# What you need to do:
Every line from the opening of the records to the line with "Colt 1908 Vest" should be restated exactly, with both ends included and the pictures left out.

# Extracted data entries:
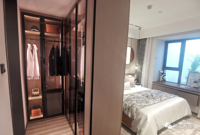 96平米三居进门处有一个步入式空间,可摆放200多双鞋。里面的消毒功用也是拆好的;甭管户型大小,全数都有零丁的家政空间。餐边柜、卧室的衣柜等虽说不是交标,但预留了足够的空间。
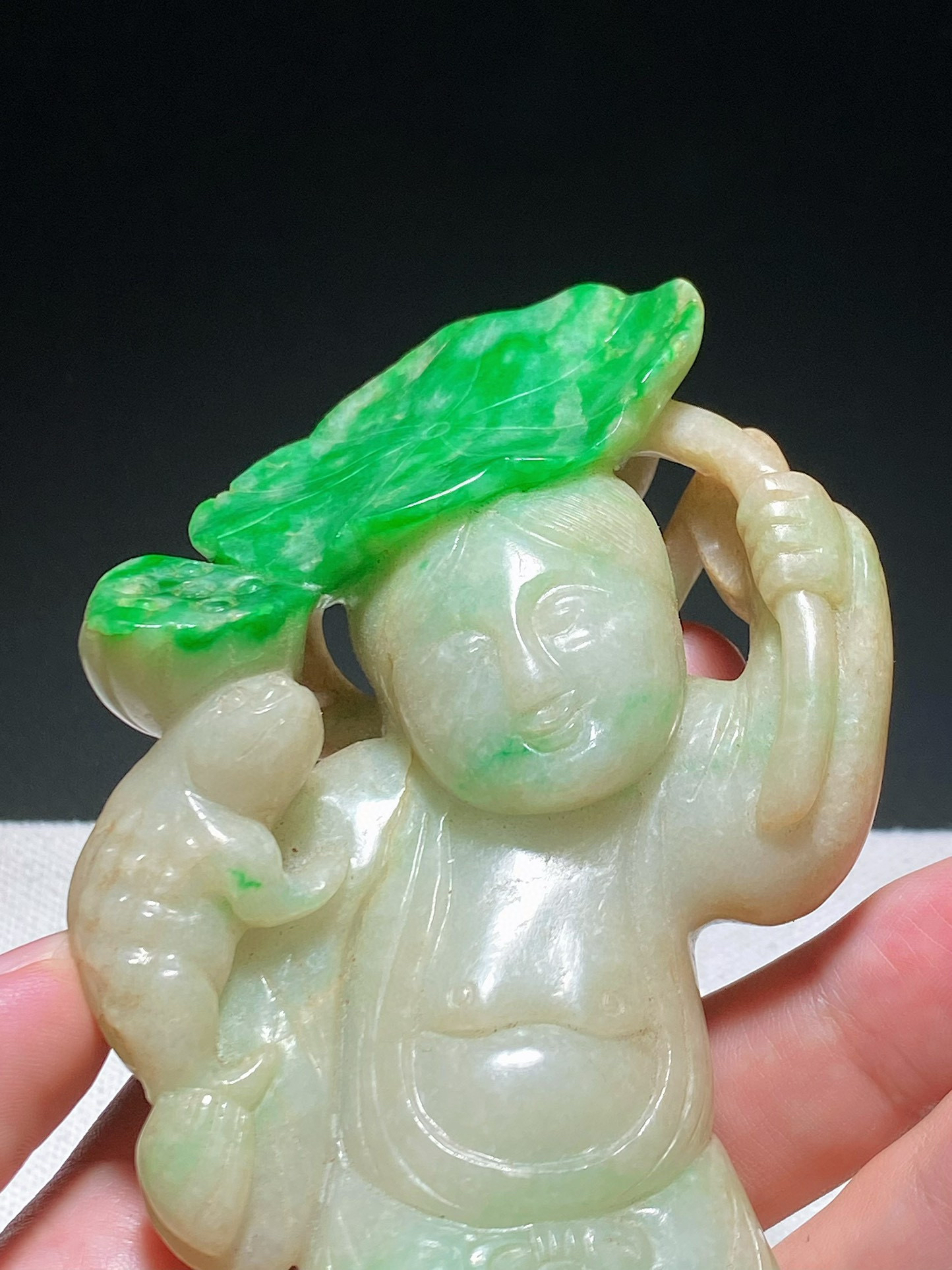 翡翠白月光《莲花童子》挂件
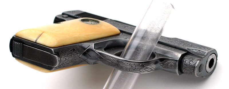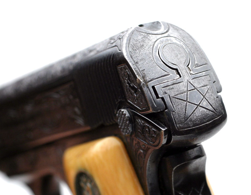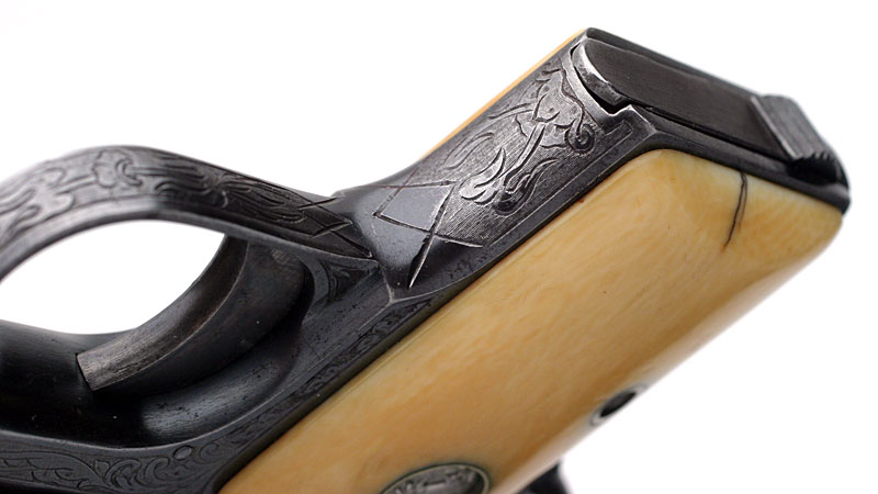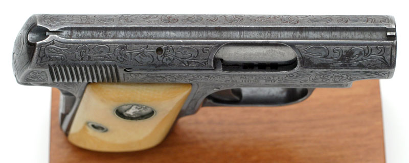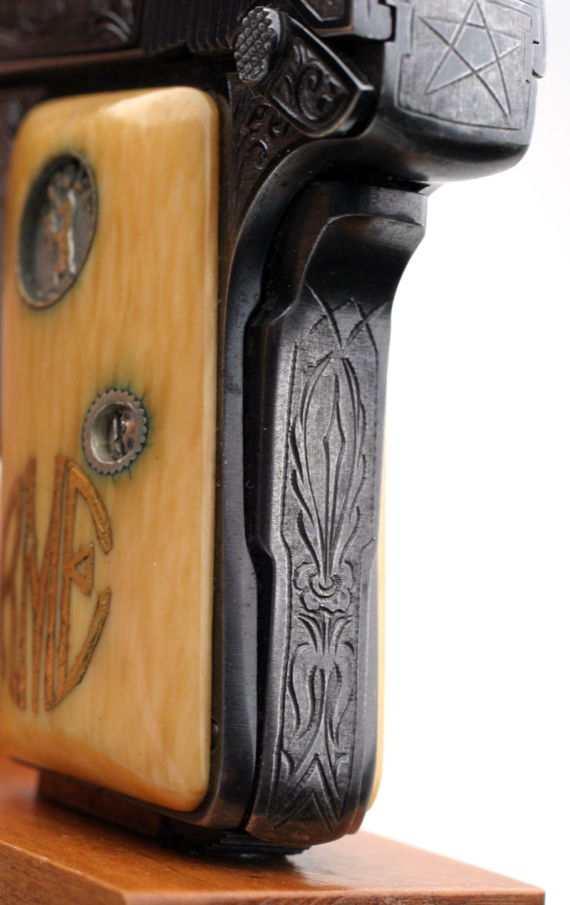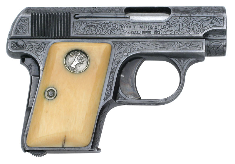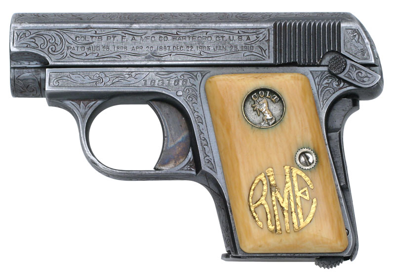 Colt 1908 Vest Pocket .25 ACP Serial Number 163166 Factory Master Engraved by William H. Gough Blue Finish, Gold Inlaid Monogrammed Ivory Stocks - The records indicate this pistol was shipped out as a .25/c, 2", in the Green state for engraving. It was shipped to A.H. Fox Gun Co. in Philadelphia, PA for William H. Gough on April 20, 1917, a shipment of 1 gun.
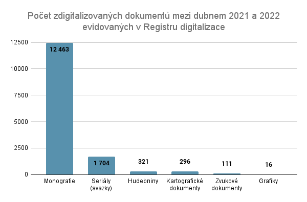 V dokumentu se pracuje s typologií knihovních dokumentů definovaných dle České národní bibliografie (ČNB).4 Členění je následující: knihy, pokračující zdroje, grafiky, hudebniny, zvukové záznamy, kartografické dokumenty a videodokumenty. Digitalizující instituce se zpravidla zaměřují na ty nejběžnější typy dokumentů, tedy knihy (dle sledovaných údajů v Registru digitalizace jich bylo mezi dubnem 2021–2022 evidováno 12 463) a pokračující zdroje (1 704 svazků),5 méně pak na hudebniny (321 titulů), mapy (296 titulů) a zvukové dokumenty (111 titulů), nejméně se digitalizují grafiky (16).
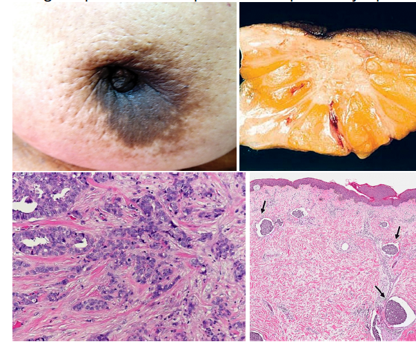 canaux lymphatiques pleins de cellules tumorales. Ont de la misère à se drainer (donne l’apparence d’orange)
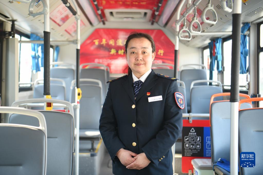 2月24日,這是在8路公交車內(nèi)拍攝的王艷。新華社記者 孫凡越 攝

# Exercise answer:
 96平米三居进门处有一个步入式空间,可摆放200多双鞋。里面的消毒功用也是拆好的;甭管户型大小,全数都有零丁的家政空间。餐边柜、卧室的衣柜等虽说不是交标,但预留了足够的空间。
 翡翠白月光《莲花童子》挂件
 Colt 1908 Vest Pocket .25 ACP Serial Number 163166 Factory Master Engraved by William H. Gough Blue Finish, Gold Inlaid Monogrammed Ivory Stocks - The records indicate this pistol was shipped out as a .25/c, 2", in the Green state for engraving. It was shipped to A.H. Fox Gun Co. in Philadelphia, PA for William H. Gough on April 20, 1917, a shipment of 1 gun.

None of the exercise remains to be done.